Questa operazione si è tradotta nella composizione di tre volumi che perseguono lo scopo di “instillare” l’ideologia "gender" nelle menti degli alunni delle scuole elementari, medie e superiori. Una spaventosa dimostrazione della pericolosità di un'operazione del genere si è avuta lo scorso dicembre quando a Venezia il delegato del sindaco, Camilla Seibezzi, già tristemente nota per aver proposto la sostituzione delle parole "mamma" e "papà" con "genitore", ha presentato la proposta di introdurre in dieci asili nido e in 36 scuole dell'infanzia delle raccolte di fiabe dove vengono presentate come un fatto normale l'esistenza di diverse forme familiari come, ad esempio, quella con due papà o con due mamme, ecc. 
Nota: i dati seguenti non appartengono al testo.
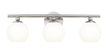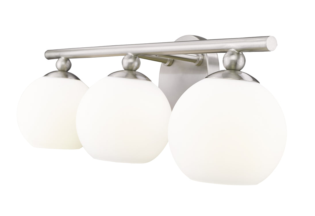 Highlight a custom vanity with this contemporary three-light vanity wall light, a classic mix of modern and retro elements that bring festive attitude. From the Neoma collection comes a vanity light ideal for an updated ensuite or guest bath with a craving for attention. Opal etched glass globe shades and a minimalist-inspired brushed nickel finish steel frame join to deliver a stylish look with charming personality.
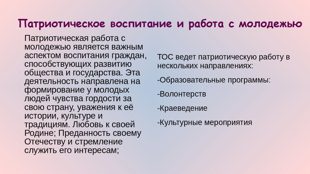 Патриотическое воспитание и работа с молодежьюПатриотическая работа с
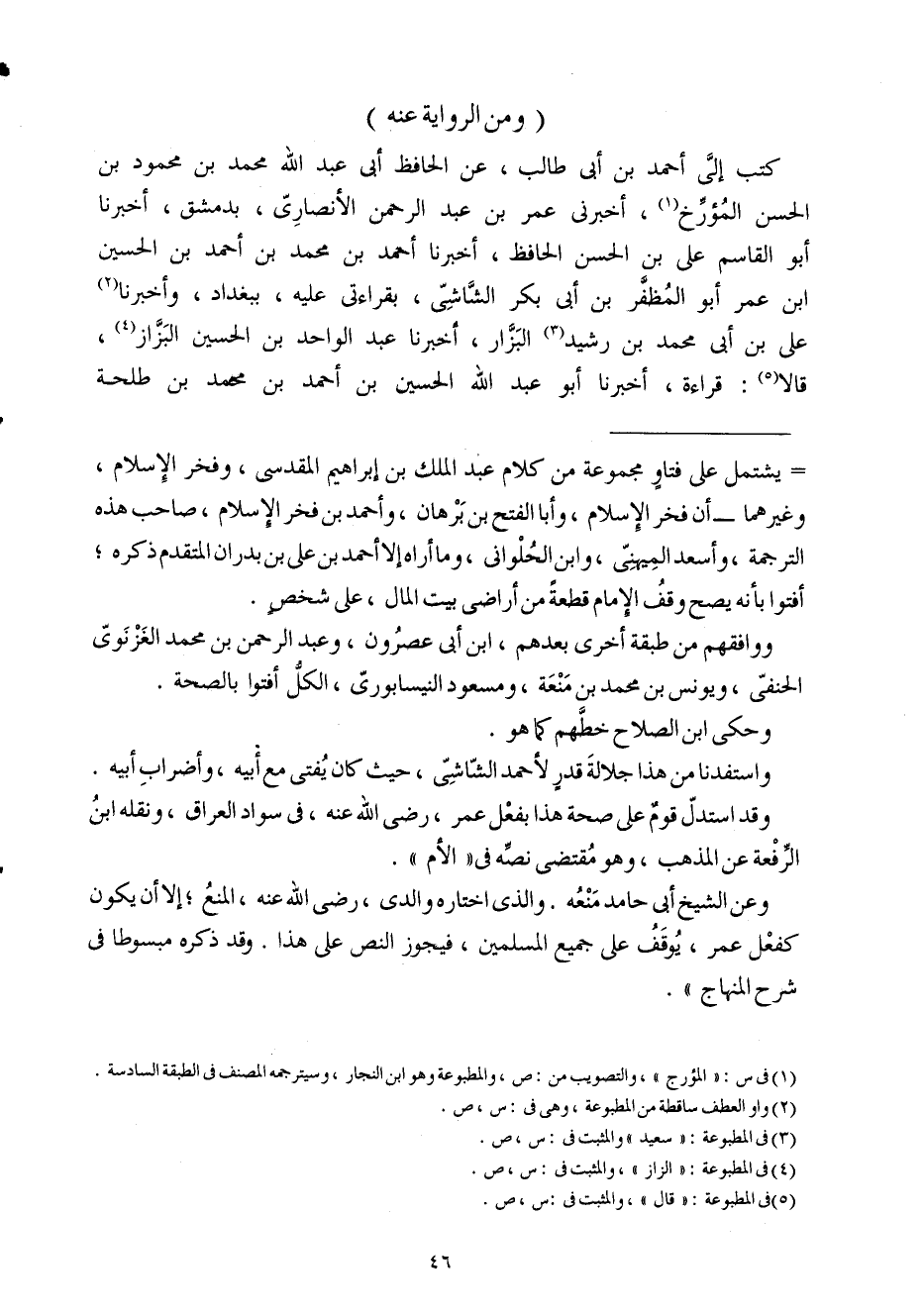 كتب إِلَى أَحْمد بن أبي طَالب عَن الْحَافِظ أبي عبد الله مُحَمَّد بن مَحْمُود بن الْحسن المؤرخ أَخْبرنِي عمر بن عبد الرَّحْمَن الْأنْصَارِيّ بِدِمَشْق أخبرنَا أَبُو الْقَاسِم عَليّ بن الْحسن الْحَافِظ أخبرنَا أَحْمد بن مُحَمَّد بن أَحْمد بن الْحُسَيْن ابْن عمر أَبُو المظفر بن أبي بكر الشَّاشِي بِقِرَاءَتِي عَلَيْهِ بِبَغْدَاد وَأخْبرنَا عَليّ بن أبي مُحَمَّد بن رشيد الْبَزَّار أخبرنَا عبد الْوَاحِد بن الْحُسَيْن الْبَزَّاز قَالَا قِرَاءَة أخبرنَا أَبُو عبد الله الْحُسَيْن بن أَحْمد بن مُحَمَّد بن طَلْحَة
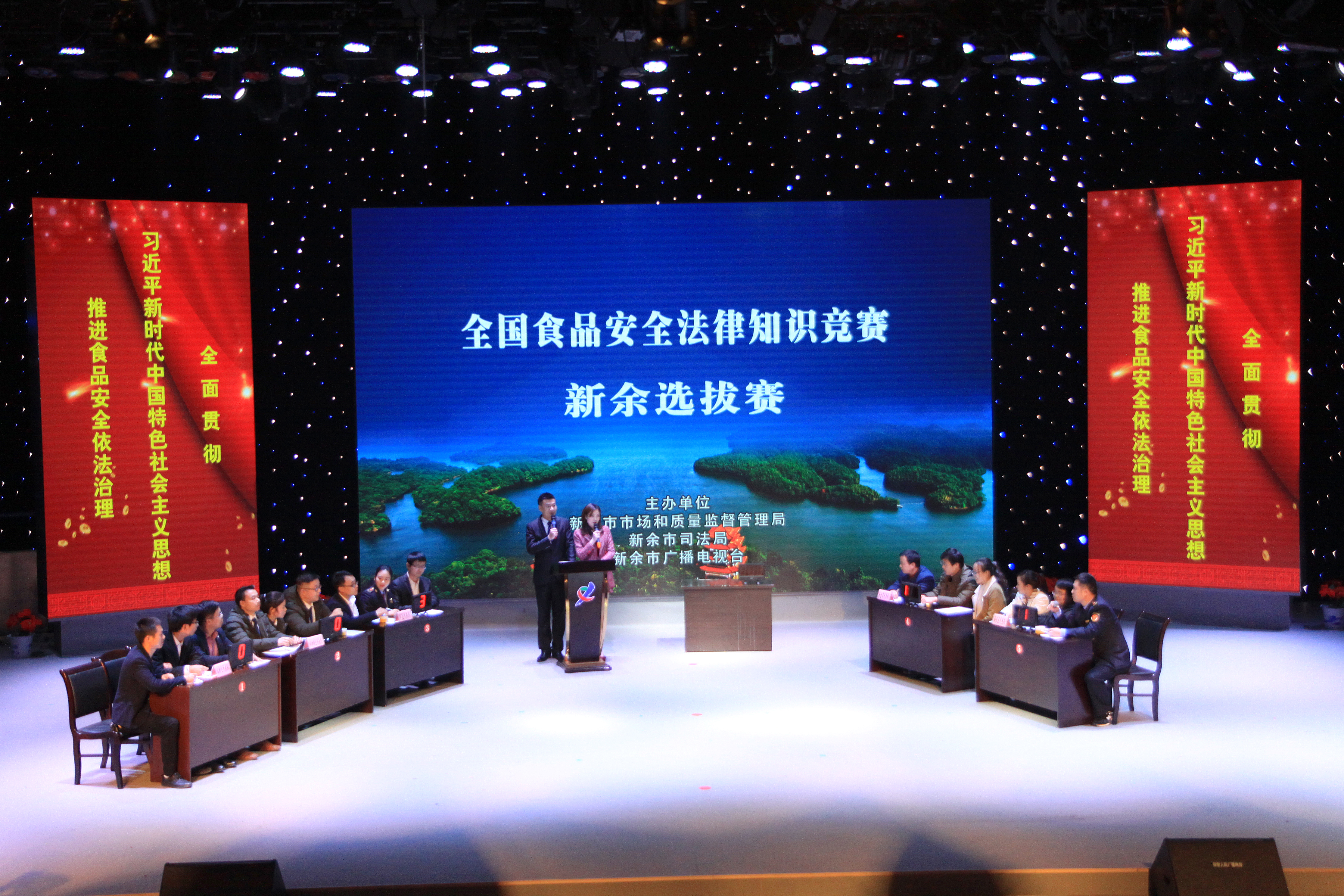 12月21日,新余市局、新余市司法局、新余市廣播電視臺(tái)聯(lián)合主辦的全國(guó)食品安全法律知識(shí)競(jìng)賽新余選拔賽在新余電視臺(tái)二樓演播廳舉行。

Oltre a voler promuovere e presentare la teoria "gender" come un fatto normale e provato, imponendo una visione unilaterale del mondo, questo documento invita a considerare ogni critica alle pretese della comunità LGBT (Lesbiche, gay, bisessuali e trans) come "omofobia", posizione che deve essere severamente punita dalla legge. Gli studenti, quindi, devono pensare che sia giusto il matrimonio tra persone dello stesso sesso e che l'eterosessismo, ovvero ritenere normale solo il matrimonio tra persone di sesso differente, sia all'origine dell'omofobia. In quest'ottica vengono anche indicate come "incitamento all'odio ed alla discriminazione" perfino le dichiarazioni provenienti da alcuni rappresentanti delle istituzioni politiche ed ecclesiastiche.

Questa operazione di gravissima ingerenza nelle libertà personali dei cittadini non poteva rimanere a lungo nascosta, così, chiamata a dare spiegazioni circa la liceità della composizione e diffusione di questi volumi, Maria Cecilia Guerra, l'ultimo vice ministro del Lavoro e Politiche Sociali con delega alle Pari opportunità, cioè l’ente che ha posto il suo logo sulla prima pagina de tre documenti, ha risposto di non saperne niente e che il tutto è stata un'iniziativa dell’Istituto Beck, istituzione schieratissima a favore dell’omosessualità convenzionato con l'UNAR, il vero e proprio soggetto che ha redatto i libri dello scandalo. 

Si rimane veramente allibiti di fronte al pressapochismo di tale istituzione: dapprima si da l'avvio ad un'operazione ingiustificabile e liberticida, poi, posti di fronte alle proprie responsabilità, la si sconfessa dicendo che non se ne sapeva nulla. Ma sarà veramente così?